The world in undeniably enamored with virtual reality and spherical video content, so it’s no wonder the software world is flooding toward VR, AR and all the other R’s that keep cropping up. But these are embryonic days, and there’s an equally undeniable concern that the dot com bubble might be repeating itself.

At WEARVR don’t believe that to be the case, of course, and not just because we love VR so very, very much. Much the same as yourself. Lessons were learned during the last online industry crash, and there’s a healthy sense of caution permeating the virtual reality industry already.

Analytics are being seen as the key to survival and growth of VR in all its forms, as a way to guide us all toward the tipping point where the technology has become entrenched in the public consciousness. To that end, YouTube is rolling out a new form of analytics to its 360 degree content producers.

The Hot and Cold of Spherical Videos

We’re inclined to recoil whenever we hear about new types of behavioural data being collected around our online habits, and this is no different. This generally comes from big businesses hoarding data for ever increasing sales efficiency, but for the moment, at least, YouTube’s new analytics are a genuine benefit to this fledgling industry.

We’re still learning exactly how spherical video content can be applied in practical, eventful ways, and not just as a fad or novelty. To this end the Google-owned video distribution service is now giving its 360 degree video producers a heatmap visualization of exactly where viewers are choosing to direct their focus.

A flattened, 2D rendering of the spherical video shows where people are inclined to look during viewing.

This is a whole new type of audience data.

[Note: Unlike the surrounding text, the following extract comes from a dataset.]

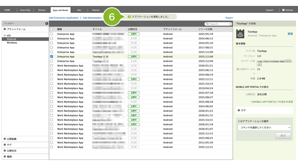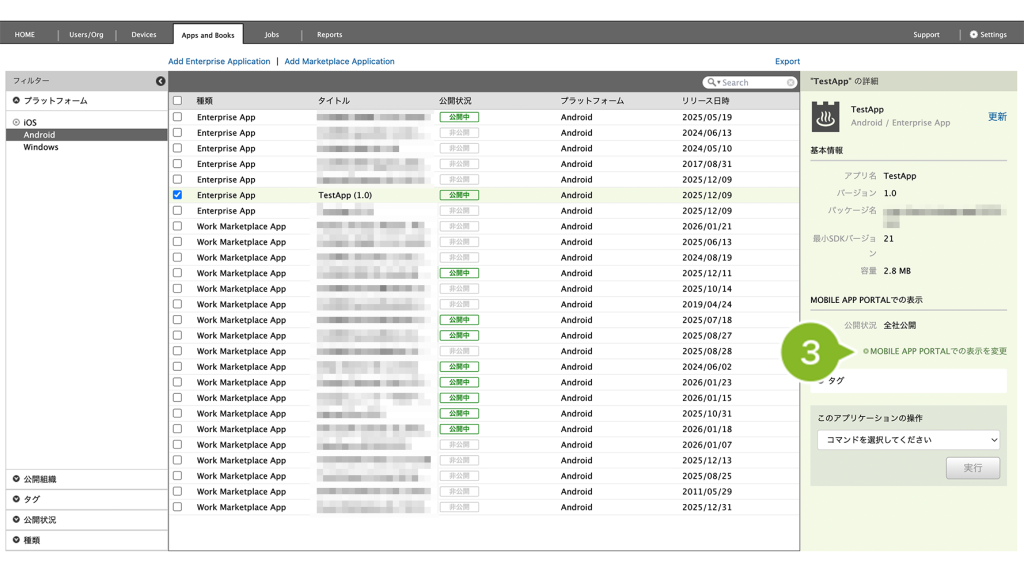 登録したアプリケーションの MOBILE APP PORTAL での表示を変更する場合
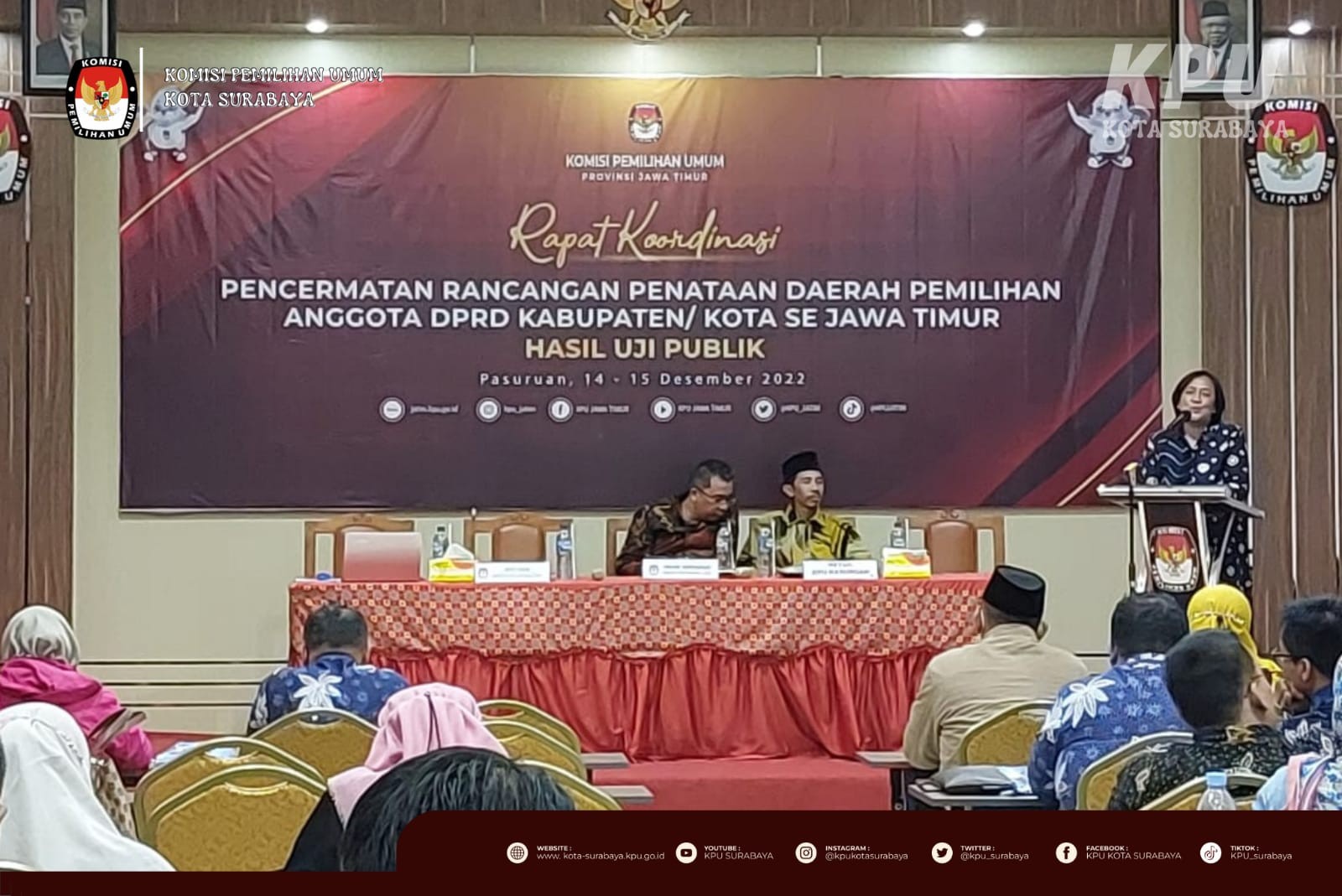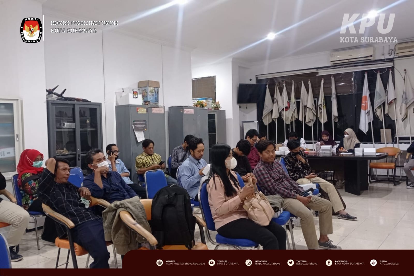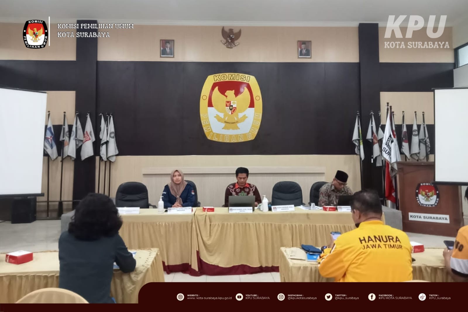 Surabaya, kota-surabaya.kpu.go.id - Selasa (13/12), KPU Kota Surabaya menggelar Uji Publik Rancangan Penataan Daerah Pemilihan (Dapil) dan Alokasi Kursi Anggota DPRD Kota Surabaya dalam Pemilu Tahun 2024 di Graha Swara KPU Kota Surabaya. Uji Publik ini dihadiri oleh jajaran instansi, Parpol di DPRD Kota Surabaya, Parpol Calon Peserta Pemilu 2024, dan Pemantau Pemilu yang terdaftar di KPU Kota Surabaya pada Pemilihan 2020 serta terdaftar di Bawaslu Kota Surabaya pada Pemilu 2024, juga Kris Nugroho selaku akademisi Universitas Airlangga yang menjadi narasumber Ketua Divisi Teknis Penyelenggaraan Pemilu, Soeprayitno memaparkan mengenai alur penataan Dapil dan alokasi kursi anggota DPRD mulai dari penerimaan dan pencermatan DAK2, data wilayah, serta peta wilayah hingga penetapan. Ia juga menjelaskan bahwa penyusunan Dapil nantinya akan dilakukan sesuai prinsipnya, seperti kesetaraan nilai suara, ketaatan pada sistem Pemilu yang proposional, proporsionalitas, integralitas wilayah, berada dalam cakupan wilayah yang sama, kohesivitas dan kesinambungan. "Dalam menyusun daerah pemilihan, KPU akan memperhatikan prinsip-prinsip yang sudah diatur di UU No. 7 Tahun 2017 serta PKPU No. 6 Tahun 2022," terangnya.

Even on massive IMAX cinema screens no one’s ever had to worry about where the audience is looking. It’s hardly as if they’d be sitting the wrong way around in their seats, staring up at the projection booth and subsequently missing that incredibly exciting moment when [SPOILER CENSOR] happened in the new Star Wars movie.

But in 360 degree video, this is a distinct possibility. Yet if the audience’s perspective were to be forced, a whole other slew of problems would arise (motion sickness, and a self-defeating practice for VR viewing not being the least of them).

So careful (even casual) analysis of a heatmap offers the beginnings of understanding for a whole new type of film director; one who must carefully guide the viewer to look in the right direction at the right time, or risk having them miss an important plot point.

It’s the first real insight into how the directors of the future will have to think, and it’s a dizzying concept in every possible sense of the word.

How to Make Engaging Spherical Video

These heatmaps will become available to you once your 360 degree video has received a minimum of 1,000 views (at which point an analytical picture starts to become clear). YouTube has been taking a look at the data already, and compiled some preliminary insights into what direction these heatmaps are taking us.

Engaging spherical videos require more than just standing a VR camera in a busy place, it seems.

Engaging spherical videos require more than just standing a VR camera in a busy place, it seems.

  • People are still spending 75% of their time looking straight forward, despite being able to look in any direction. Perhaps this figure will go down as the audience becomes more accustomed to VR video viewing, but right now the focus of your content should be in front of the viewer when the video begins.
  • Audience engagement with a video (that is to say they’re enjoying watching it) is currently the biggest driver in terms of encouraging viewers to look around the whole scene. 20% of views in these more popular videos were then being directed behind the user.
  • Awareness of the different viewing options is important, since people could be using a headset, which takes them a few moments to become orientated, or dragging the image around on a smartphone screen, in which case they’re instantly engaged. So some manner of buffer is apparently in order so people don’t feel rushed or hampered when viewing in VR — which is ultimately what we want them to do.

It’s the beginnings of a fascinating subject that has tendrils reaching into all kinds of different jobs. Analysts, brand promoters and marketers will need to learn an understanding of spherical awareness just as much as writers, developers and directors.

As small as the matter may seem right now, this is actually an exciting progression in helping to increase the accessibility and enjoyment of VR and 360 degree content for the general online public, and that, after all, is the key to the entire industry’s success.